*** Opening of INFORMATION ***

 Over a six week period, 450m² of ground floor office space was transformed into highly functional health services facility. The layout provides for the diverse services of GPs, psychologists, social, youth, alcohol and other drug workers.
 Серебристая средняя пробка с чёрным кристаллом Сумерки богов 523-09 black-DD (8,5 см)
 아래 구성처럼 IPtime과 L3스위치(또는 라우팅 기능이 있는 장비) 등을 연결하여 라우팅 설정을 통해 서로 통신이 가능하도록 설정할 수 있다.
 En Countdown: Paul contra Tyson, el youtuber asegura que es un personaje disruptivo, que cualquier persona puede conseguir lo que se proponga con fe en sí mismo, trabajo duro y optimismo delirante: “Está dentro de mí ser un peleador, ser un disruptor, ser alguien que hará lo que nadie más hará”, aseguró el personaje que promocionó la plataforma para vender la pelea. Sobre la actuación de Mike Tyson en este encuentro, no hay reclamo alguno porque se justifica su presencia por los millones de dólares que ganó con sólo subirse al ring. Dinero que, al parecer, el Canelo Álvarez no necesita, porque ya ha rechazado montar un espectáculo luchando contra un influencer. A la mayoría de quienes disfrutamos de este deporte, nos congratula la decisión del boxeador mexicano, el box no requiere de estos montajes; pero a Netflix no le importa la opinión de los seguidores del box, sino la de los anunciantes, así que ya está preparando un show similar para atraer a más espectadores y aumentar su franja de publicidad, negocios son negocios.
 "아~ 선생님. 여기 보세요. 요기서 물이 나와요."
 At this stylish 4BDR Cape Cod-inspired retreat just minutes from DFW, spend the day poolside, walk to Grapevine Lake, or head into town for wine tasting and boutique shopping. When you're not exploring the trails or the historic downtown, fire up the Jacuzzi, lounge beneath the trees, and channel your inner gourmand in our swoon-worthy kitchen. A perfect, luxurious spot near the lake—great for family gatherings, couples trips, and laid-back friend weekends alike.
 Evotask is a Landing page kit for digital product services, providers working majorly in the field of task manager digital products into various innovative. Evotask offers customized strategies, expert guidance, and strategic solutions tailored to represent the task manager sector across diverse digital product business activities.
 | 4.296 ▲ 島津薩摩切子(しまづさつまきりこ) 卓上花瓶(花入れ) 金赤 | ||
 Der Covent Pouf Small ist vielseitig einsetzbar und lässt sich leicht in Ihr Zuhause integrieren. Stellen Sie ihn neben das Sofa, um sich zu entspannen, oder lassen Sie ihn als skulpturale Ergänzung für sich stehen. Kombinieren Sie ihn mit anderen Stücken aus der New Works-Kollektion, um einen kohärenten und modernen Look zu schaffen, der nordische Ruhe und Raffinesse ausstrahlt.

*** Close of INFORMATION ***
*** Opening of INFORMATION ***

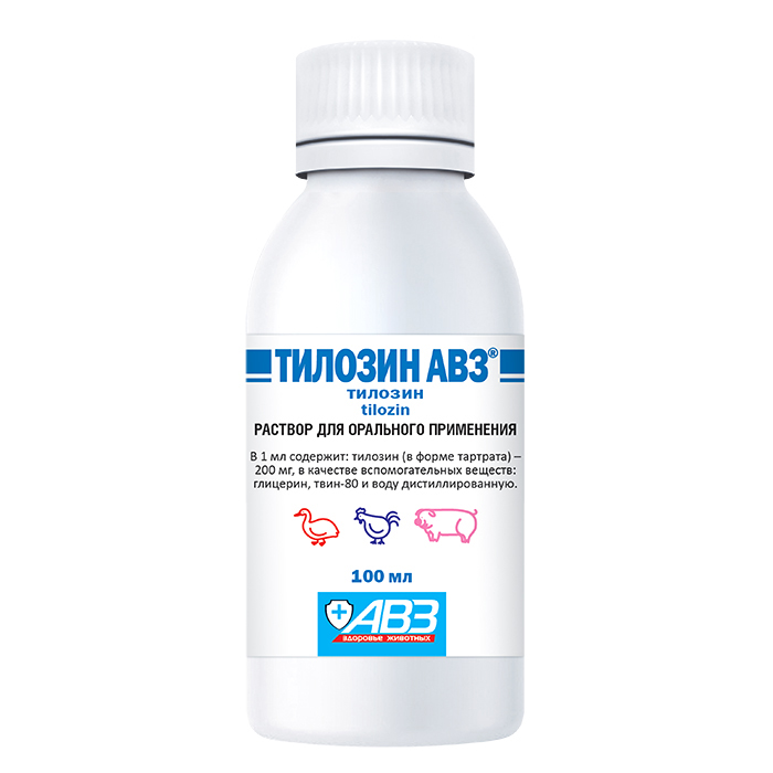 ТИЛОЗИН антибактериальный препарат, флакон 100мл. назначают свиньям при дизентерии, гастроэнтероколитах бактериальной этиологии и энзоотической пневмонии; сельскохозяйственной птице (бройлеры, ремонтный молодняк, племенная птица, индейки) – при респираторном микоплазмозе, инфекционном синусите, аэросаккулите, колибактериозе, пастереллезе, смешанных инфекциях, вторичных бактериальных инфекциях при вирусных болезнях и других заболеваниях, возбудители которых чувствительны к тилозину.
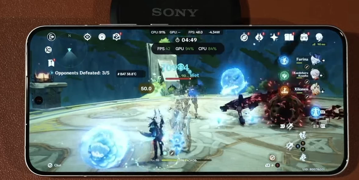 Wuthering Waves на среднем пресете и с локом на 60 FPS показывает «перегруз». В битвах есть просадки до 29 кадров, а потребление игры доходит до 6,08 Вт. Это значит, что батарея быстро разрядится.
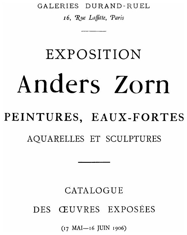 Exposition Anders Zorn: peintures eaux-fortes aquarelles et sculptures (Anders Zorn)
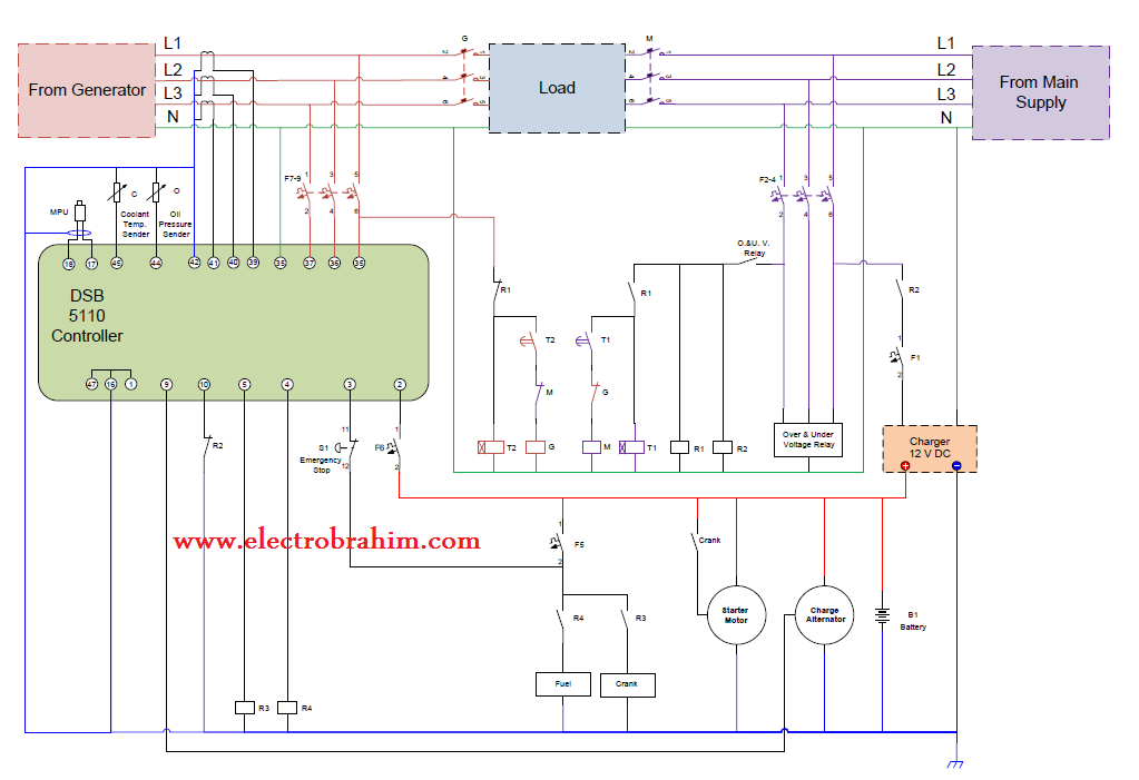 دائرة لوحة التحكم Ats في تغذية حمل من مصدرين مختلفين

*** Close of INFORMATION ***

## WORK INSTRUCTION
Within the material above, transcribe exactly the lines that run from the line holding "Over a six week" through the line holding "아래 구성처럼 IPtime과".

## EXERCISE RESPONSE
 Over a six week period, 450m² of ground floor office space was transformed into highly functional health services facility. The layout provides for the diverse services of GPs, psychologists, social, youth, alcohol and other drug workers.
 Серебристая средняя пробка с чёрным кристаллом Сумерки богов 523-09 black-DD (8,5 см)
 아래 구성처럼 IPtime과 L3스위치(또는 라우팅 기능이 있는 장비) 등을 연결하여 라우팅 설정을 통해 서로 통신이 가능하도록 설정할 수 있다.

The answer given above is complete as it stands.